Andrew Ng, chief scientist for Baidu Research in Silicon Valley, and an expert in the field of deep learning, has said that recent advances will soon enable far more capable and smarter forms of voice control, and that this will enable a new age of computer interaction.

Other companies are also pushing aggressively into voice-mediated computing. With more users expected to turn to voice interaction, many tech companies hope to provide capable voice services in order to gain a competitive advantage, or at least to not fall behind their rivals.

The U.S. companies Apple, Google, and Microsoft all include voice-controlled assistants in their smartphone operating systems. And in November of last year, the U.S. e-commerce giant Amazon launched a device for the home called Echo that includes a voice persona called Alexa. At launch, the Echo could be used to look up information from the Web, play podcasts or music from a user’s Amazon library, and add items to a shopping list.

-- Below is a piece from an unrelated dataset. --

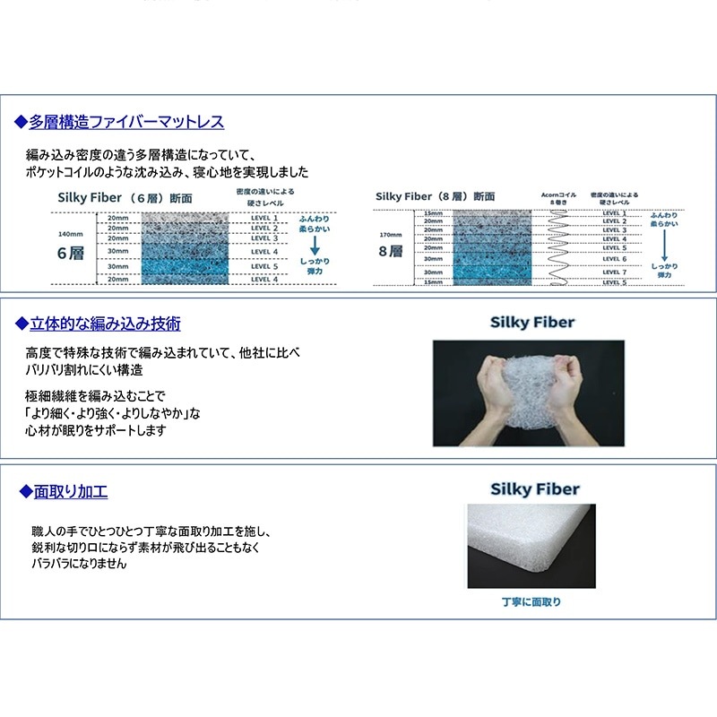 多層構造によりファイバーでありながら、ポケットコイルの奥行き感のある寝心地を再現。

Amazon released an application programming interface for the Echo earlier this year, allowing developers to connect the device to outside apps or services, thus giving it new skills. It also announced $100 million in funding for startups working on voice services to connect them with the Echo.

Matt Lease, an associate professor at the University of Texas, Austin, who specializes in parsing language using computers, says voice interfaces are advancing thanks to fundamental progress in areas such as deep learning combined with the ubiquity of portable devices, which have made people more familiar with voice control. “I don’t think there’s a huge, fundamental breakthrough,” Lease says. “But I’m more comfortable talking to my phone and I’m more comfortable talking to this thing in my living room.”